Selectively tabulating columns based on name
Hi -
I'm trying to add column values based on the column name containing a specific word.
For example, here is a sample dataset that shows for each company, what the lead source was and count:
Deal Name | Paid-LinkedIn-TopTen | Paid-PPC-Display | Paid-LinkedIn-Trends |
Apple | 3 | 0 | 1 |
IBM | 0 | 1 | 0 |
1 | 1 | 0 |
This is showing that Apple deal originated from 3 people at apple clicking the "top ten" linked in ad, and one person clicking the "Trends" linkedin ad. In the real dataset, there are about 60 different lead sources (columns).
The output I'm seeking is: "For each deal show how many contacts came from linkedin", or more specifically referencing the above data set "For each deal, add together the numbers in every column where the column name contains 'LinkedIn'"

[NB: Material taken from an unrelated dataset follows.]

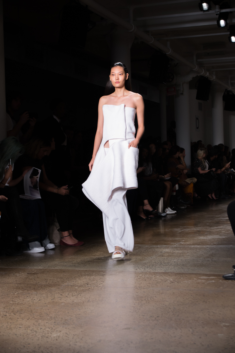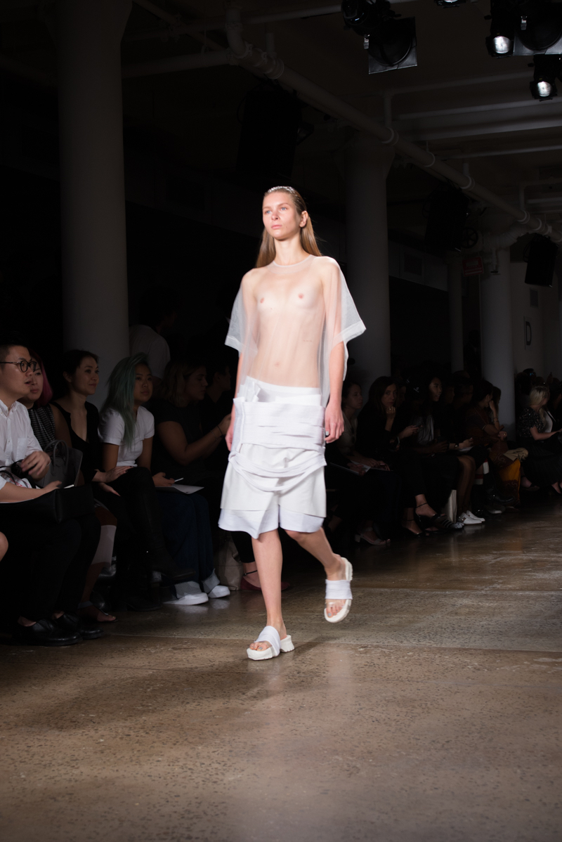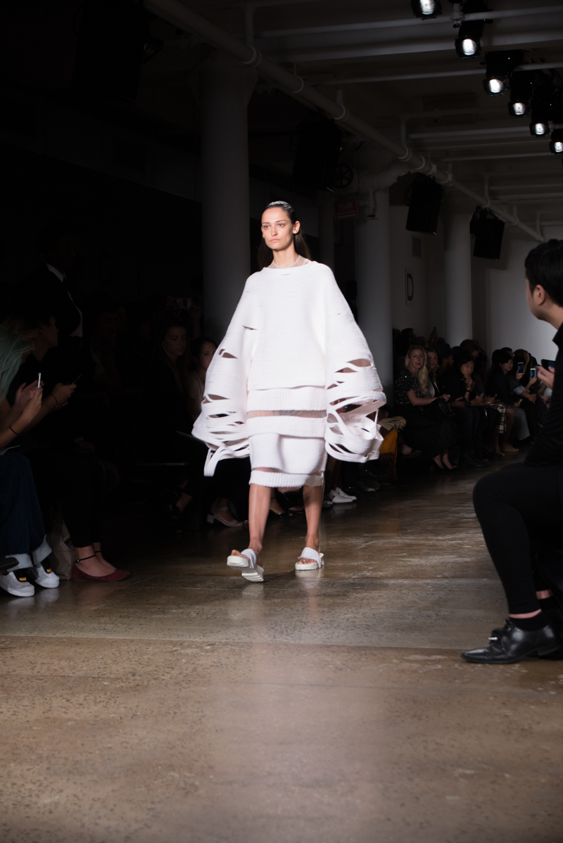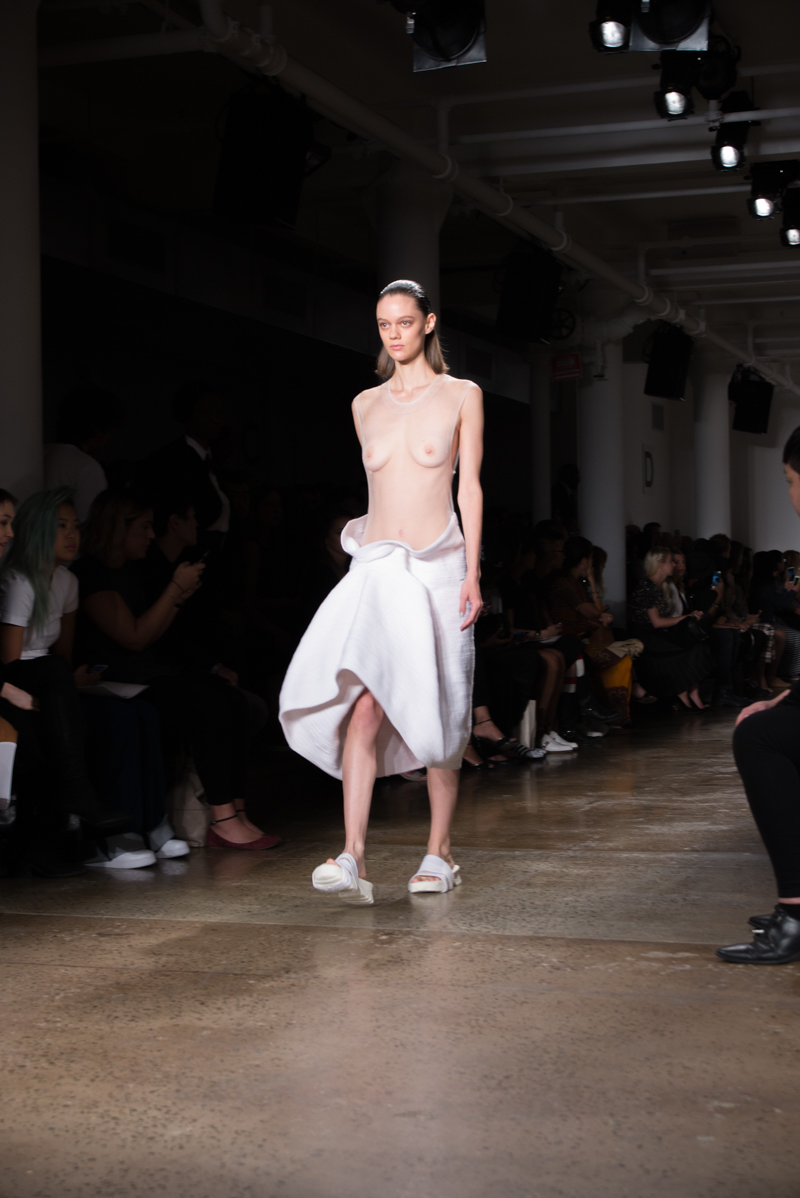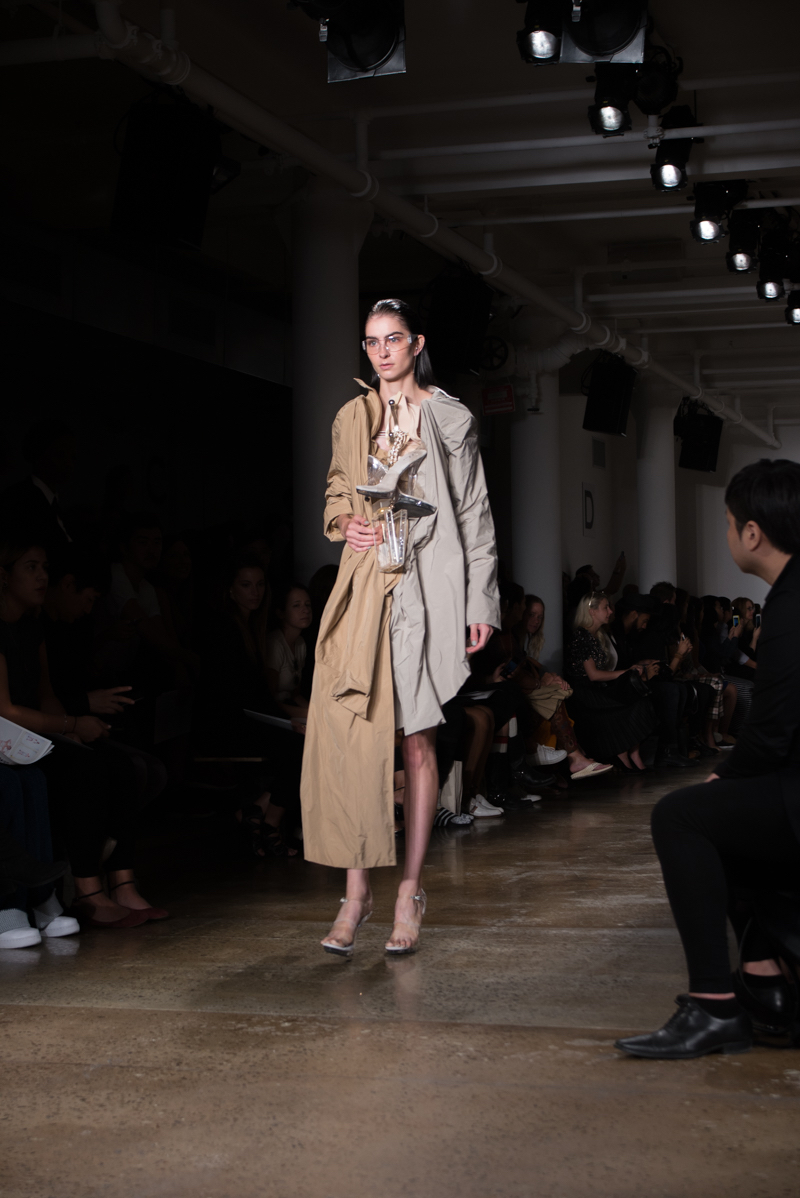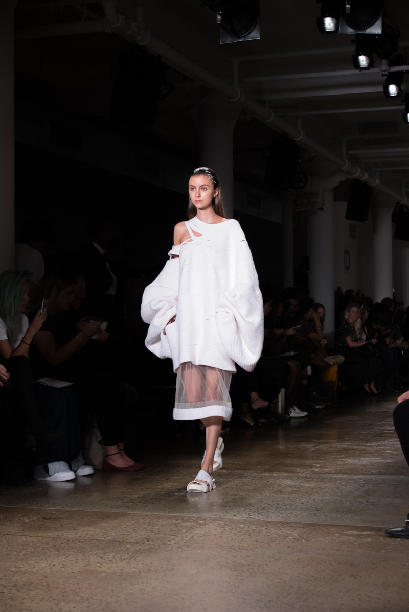 The Parsons MFA program presented an impressive spring/summer 2016 collection at Milk Studio for New York Fashion Week. The designers presented work from across the style spectrum, from oversized puffy coats to elegant and sheer gowns. Here are our images from the show.

The output from the above table should be:
All LinkedIn Sources | |
Apple | 4 |
IBM | 0 |
1 |
I'd appreciate any pointers of how I could go about trying to derive that.
Thanks
Chris
Best Answer
-
Manuel Alpha Tester, Dataiker Alumni, Dataiku DSS Core Designer, Dataiku DSS ML Practitioner, Dataiku DSS Core Concepts, Dataiku DSS Adv Designer, Registered Posts: 193 ✭✭✭✭✭✭✭
Hi,
In a prepare recipe, you can use the "fold multiple columns by pattern" processor to transform your data from wide to long format. Use the smart pattern builder to fold only the columns that start with "Paid-Linkedin".
Then you can use a Group recipe with your key (Deal Name), adding the values from the fold value column.
Tell me if this helps.
Best regards
Answers
-
Wow ... brilliant. That does the trick nicely. Thanks so much for the tip.